Non existent security update patches (KB3069392,KB3069114 ,KB3072633)

hi ,

I couldn’t find below patches on “patches for windows site” for win7 machines. this patche are security updates.

why bigfix don’t have this patches for windows 7 machines ?

KB3072633 ( only 2003 and win8 patches available on bigfix) you can find this patches on microsoft site.
https://www.microsoft.com/en-us/download/details.aspx?id=47927

KB3069392 (only 2003 patches available on bigfix) you can find this patches on microsoft site.
https://www.microsoft.com/en-us/download/details.aspx?id=47803

KB3069114 (only windows8 patches available on bigfix) you can find this patches on microsoft site.
https://www.microsoft.com/en-us/download/details.aspx?id=48779

These are all old patches from 2015, and have likely been superseded by newer patches. Once a patch has been superseded for a year, then it is removed from the Patches for Windows site. To find the current patches that cover these KBs, you will have to identify the chain of patches that supersedes these, or just patch to current levels.

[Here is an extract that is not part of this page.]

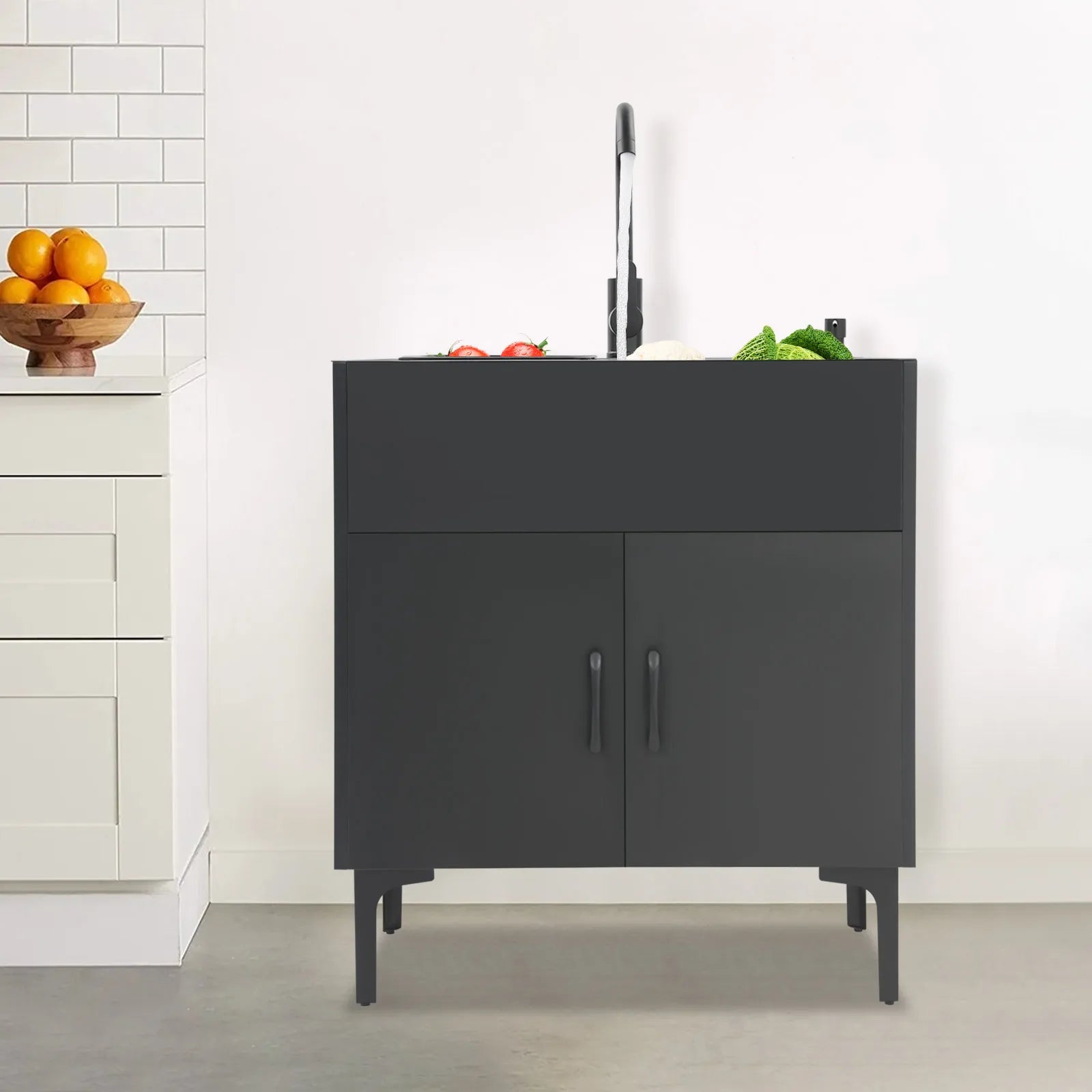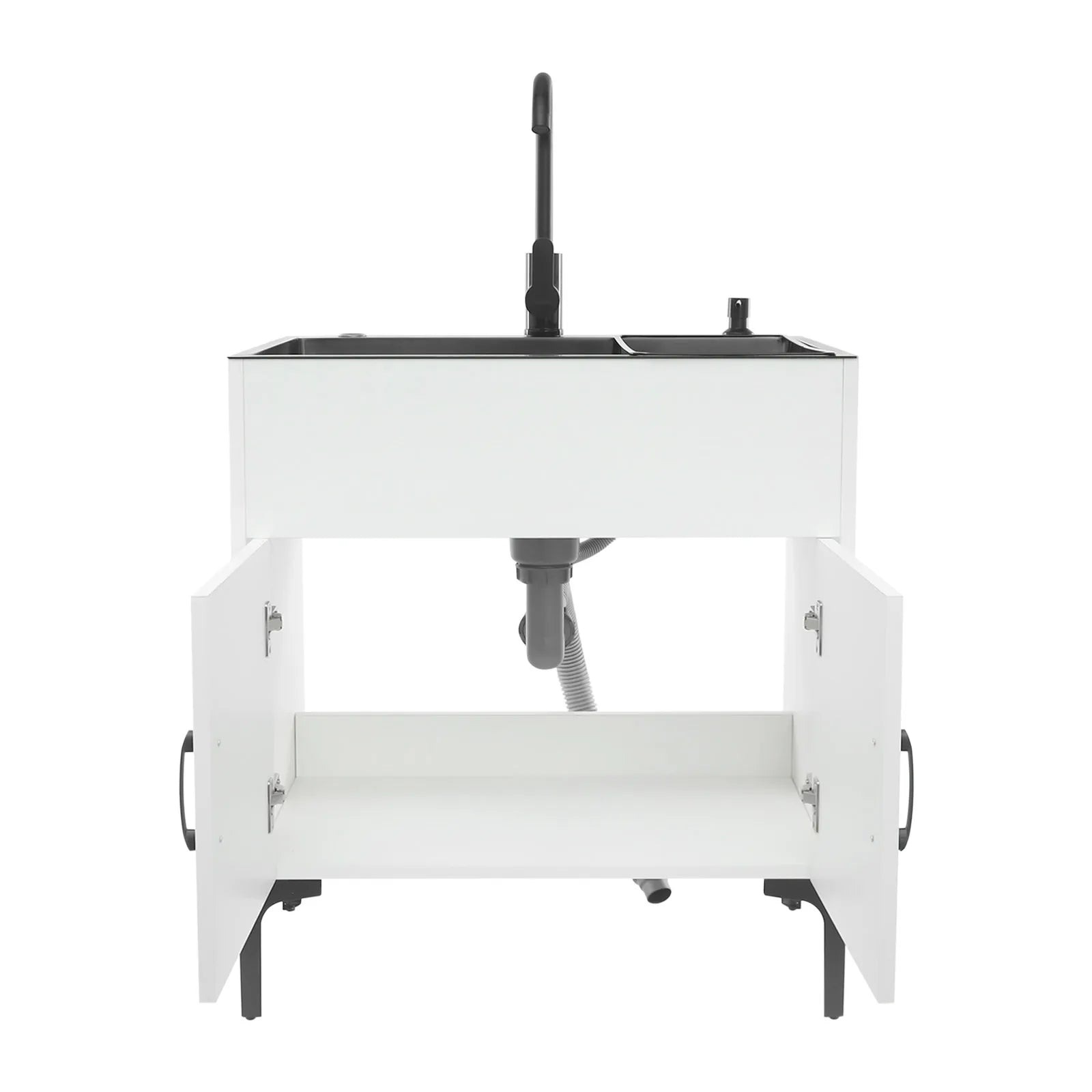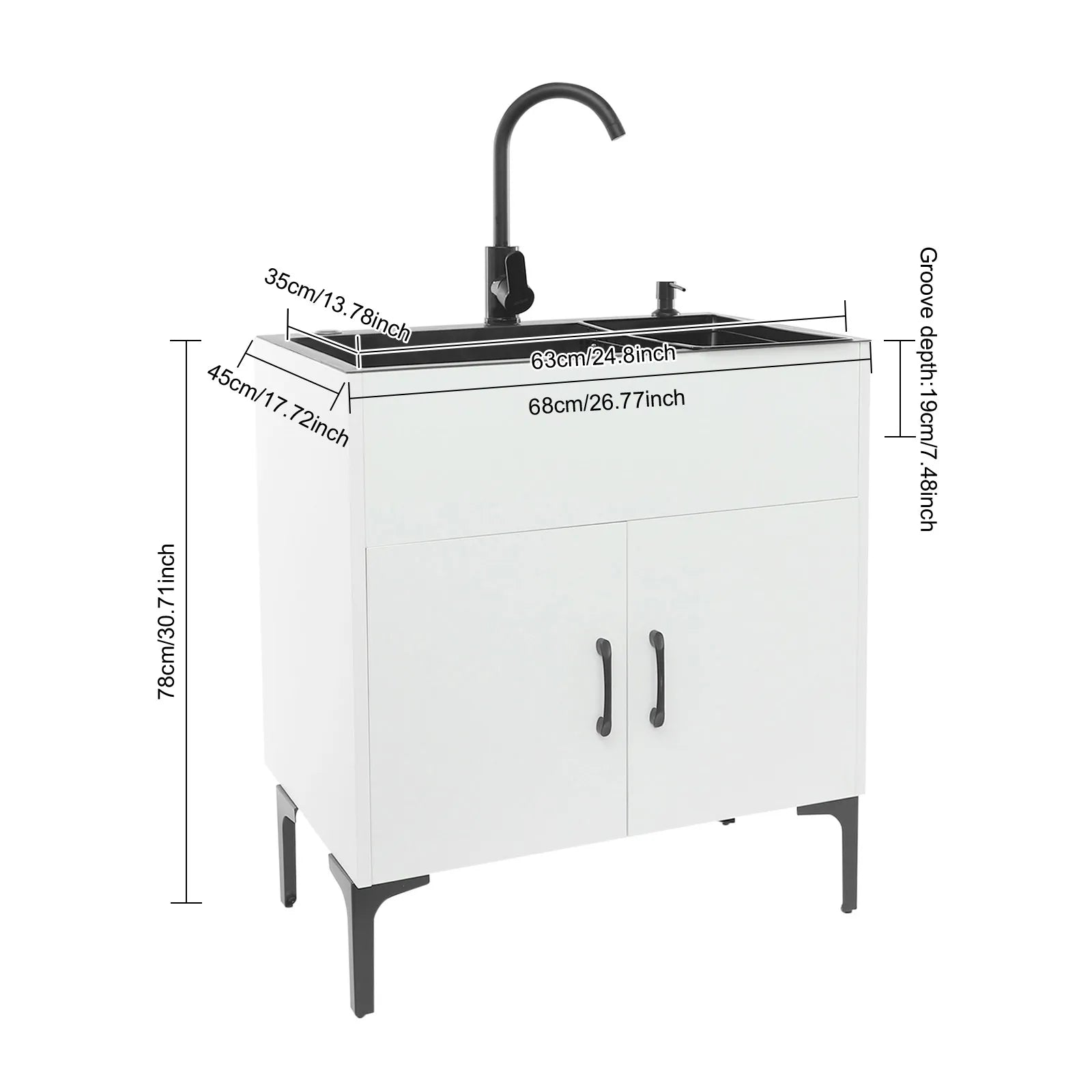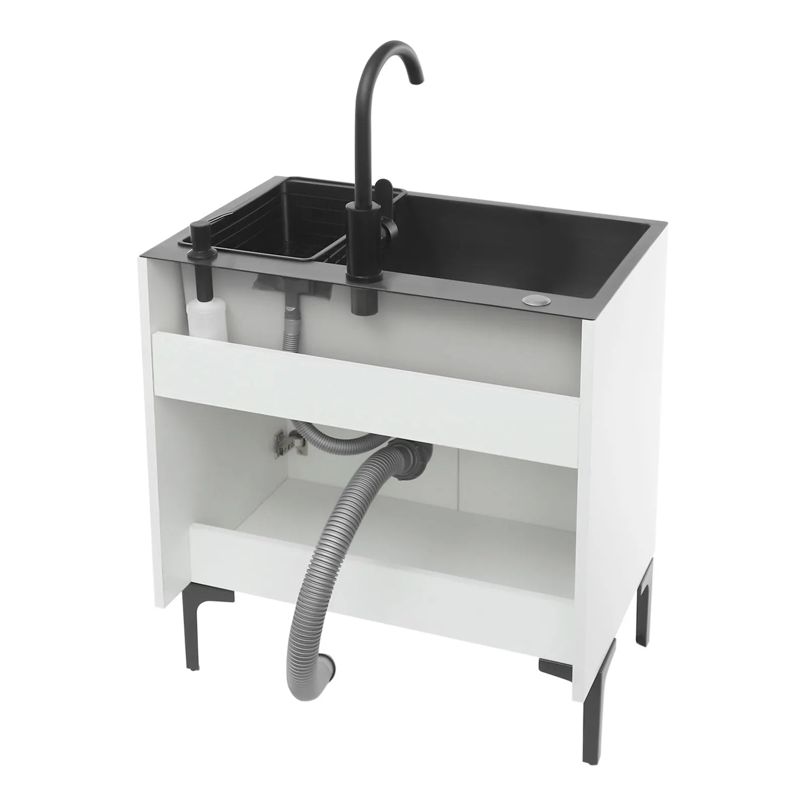 Schwarz/weißes unabhängiges Waschbecken mit Schrank, Küchenspüle aus Edelstahl mit 360° ° Drehbarer Wasserhahn für Badezimmer, Waschbecken

there is no trace about supersedes on microsoft site for this patches. So i could’nt find it on bigfix.
you can search KB3069392 patch on bigfix . And you will find only 2003 patches availeble. (not superseded)

When in doubt, it’s helpful to check the Microsoft Update Catalog at http://www.catalog.update.microsoft.com/Search.aspx

Enter the KB in the search button, and hit the “Package Details” tab in the result.

None of these KBs showed a result for Win7 - but the Vista version shows KB3072633 has been replace by:
Security Update for Windows Vista (KB3126593)
Security Update for Windows Vista (KB3146706)
Security Update for Windows Vista (KB4014793)

The Vista version of KB3063932 shows superseded by
Security Update for Windows Vista (KB3124001)
Security Update for Windows Vista (KB3156013)
Security Update for Windows Vista (KB3164035)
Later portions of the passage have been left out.